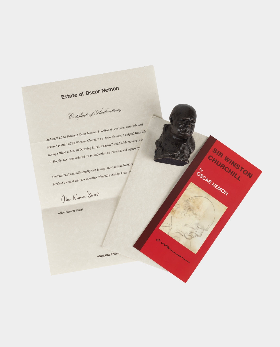 Reproduction of a bust of Churchill originally sculpted in the 1950s by Oscar Nemon, who was the only artist allowed to sculpt Churchill from life.
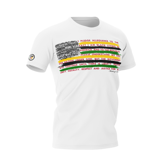 The Black Pledge Story: Written and designed by Shakeya Levell after the National Coverage of George Floyd’s death and shooting of Jacob Blake in 2020, is a Patriotic message with a Juneteenth vide. The Pledge and colored stripes represent the 13 stripes of the American Flag. Where the stars would normally be are some the names of unarmed black men and women killed in our country in law enforcement involved incidents.
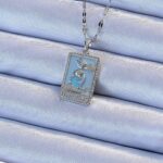 316L Çelik Zincir Gümüş Renk Mavi Mineli Tarot Kolye
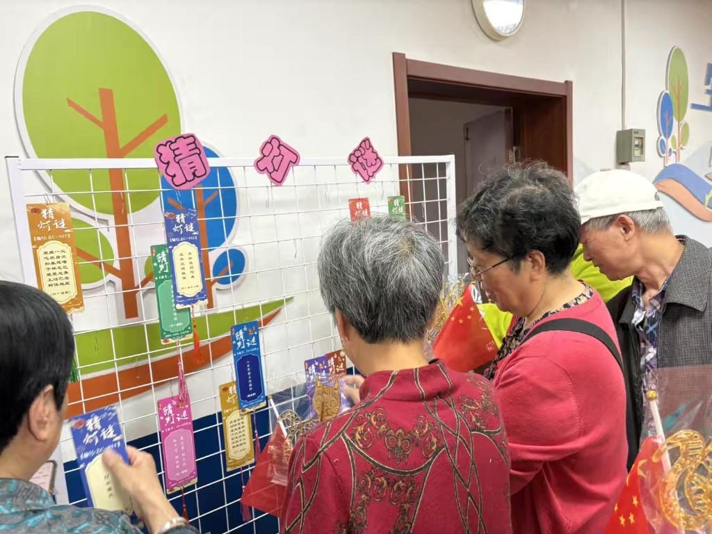 猜灯谜的区域人头攒动,大家在挂满彩色谜题的展架前驻足讨论,谜面内容涵盖中秋习俗、国庆知识等,居民猜对灯谜即可获得印章,集满印章或单次获胜者可到兑换处领取小奖品,增加活动互动性与趣味性。

Work instruction: Skip every picture, and give the rest of the material above again exactly.

Response:
 Reproduction of a bust of Churchill originally sculpted in the 1950s by Oscar Nemon, who was the only artist allowed to sculpt Churchill from life.
 The Black Pledge Story: Written and designed by Shakeya Levell after the National Coverage of George Floyd’s death and shooting of Jacob Blake in 2020, is a Patriotic message with a Juneteenth vide. The Pledge and colored stripes represent the 13 stripes of the American Flag. Where the stars would normally be are some the names of unarmed black men and women killed in our country in law enforcement involved incidents.
 316L Çelik Zincir Gümüş Renk Mavi Mineli Tarot Kolye
 猜灯谜的区域人头攒动,大家在挂满彩色谜题的展架前驻足讨论,谜面内容涵盖中秋习俗、国庆知识等,居民猜对灯谜即可获得印章,集满印章或单次获胜者可到兑换处领取小奖品,增加活动互动性与趣味性。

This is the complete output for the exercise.